Sunday, July 12, 2015

List:03 What to Bring

My Packing List:
Not everything goes on every trip, this is what I have taken that I will take again.

Backpack with rain cover
Fanny Pack
Stuff Sacks

tent with poles and stakes and fly
tarp/ground cloth
or hammock, net and rain fly

Sleeping bag and liner
Sleeping pad
inflatable pillow

Kettle or pot
cooking pouches
extra baggies
long spoon
toaster fork/foil
water bottles
water purification system

weather reliant layers
always bring a knit hat and extra wool socks
camp shoes
sunglasses and sun hat
bug net for your head
poncho or rain gear
light fleece jacket or puffy
You can use extra clothes in a stuff sack as a pillow or find room for one.
sleeping clothes

headlamp and tiny flashlight that I clip to my pack zipper so I can see inside it
Luminaid lantern

Repair kit:
Tenacious tape
2 small zip ties
small multitool
ripstop nylon patches
3-4 large sturdy safety pins
2 sewing needles and a length of dental floss
extra buckle
air mattress repair patch
tent pole repair sleeve

First Aid:
Small packet of wet wipes
tiny tube of hand sanitizer
self-sticking wrap
6-8 bandaids in a couple sizes
butterfly closure strips
tooth cement (a tiny plastic container of numbing agent to pack into a cracked or broken tooth)
Saline misting spray if anyone is prone to nosebleeds
antibiotic ointment
Pepto tablets
2 gauze pads
extra tampons
tiny nail scissors
lip balm
bug dope
stick-on forehead thermometer
foam ear plugs

Map of trail
trail guide if possible
2-3 clips (mainly to attach wet clothing to dry on your pack, you will find many other uses)
trash bags (compactor bags are good for this)
small umbrella (light rain or hot sun protection, just tuck the handle in your pack strap)
hiking poles or stick
toilet paper and trowel
toothbrush and paste
comb/hair holders
notebook and pen
bandanna (more than one)

It looks like a TON of stuff, but everything on the list adds up to a little over 20 pounds!  Most of it is tiny.

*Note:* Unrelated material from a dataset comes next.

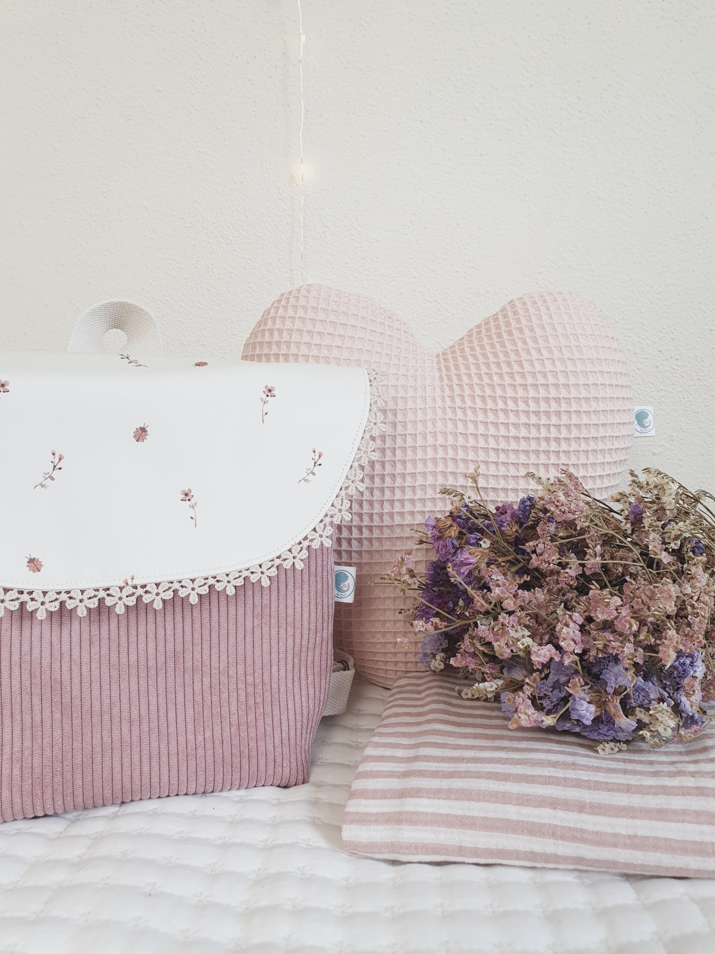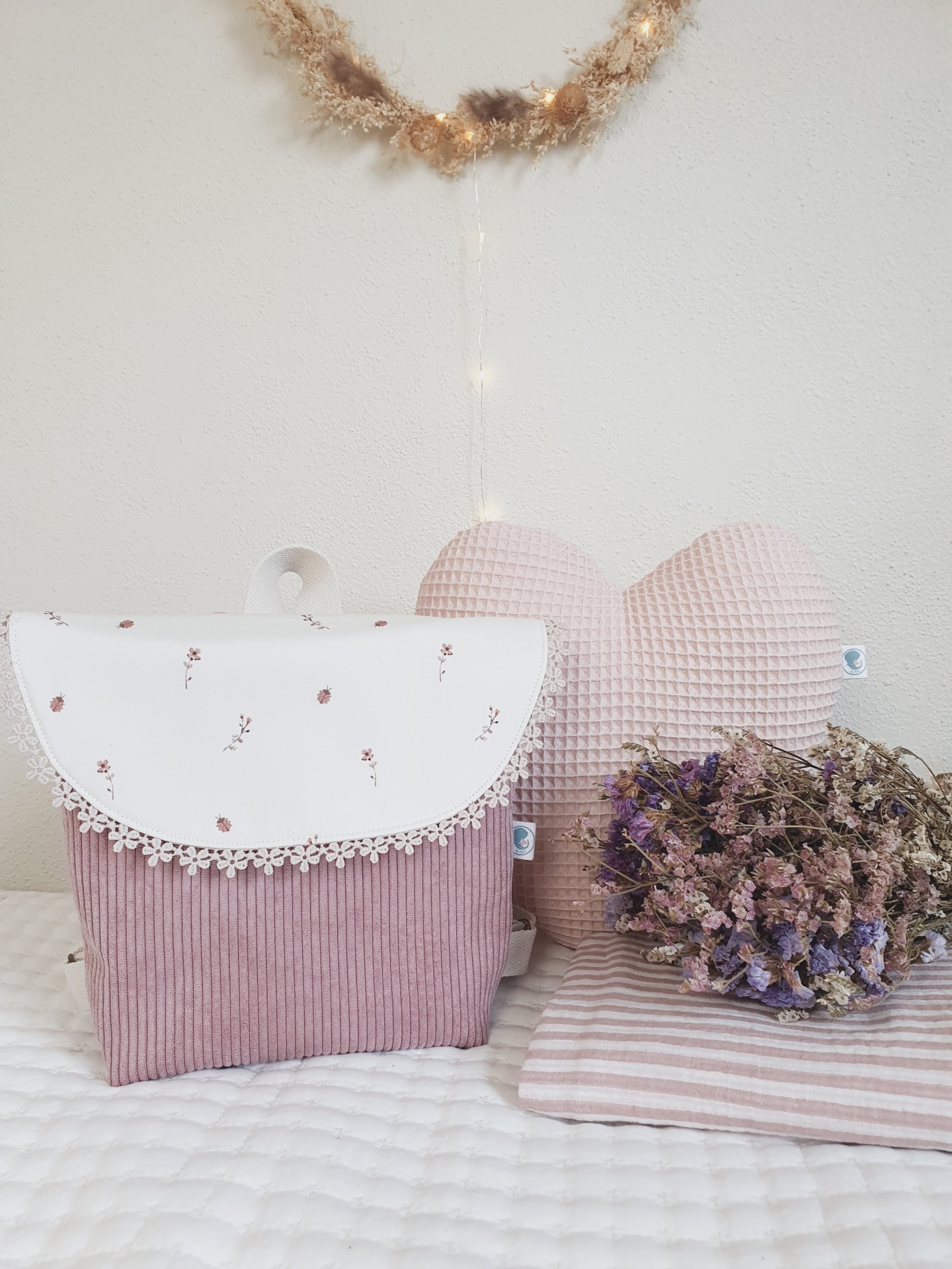 • Mochila rosa e branca com flores, almofada rosa texturizada, flores secas e tecido riscado.

Ultralight gear is awesome AND it's $$$ AND it is very often made with fragile materials to keep the weight down, making it something you have to really care for every step of the way to keep from getting shredded. I advise going for the lightest you can afford that still has good durability, so 20 to 25 pounds is a very attainable goal. Your Big Four are pack, shelter, sleeping bag, sleeping pad. Get the weight down on these-even if you have to swap out as the money is there to do it-and each upgrade will improve your situation.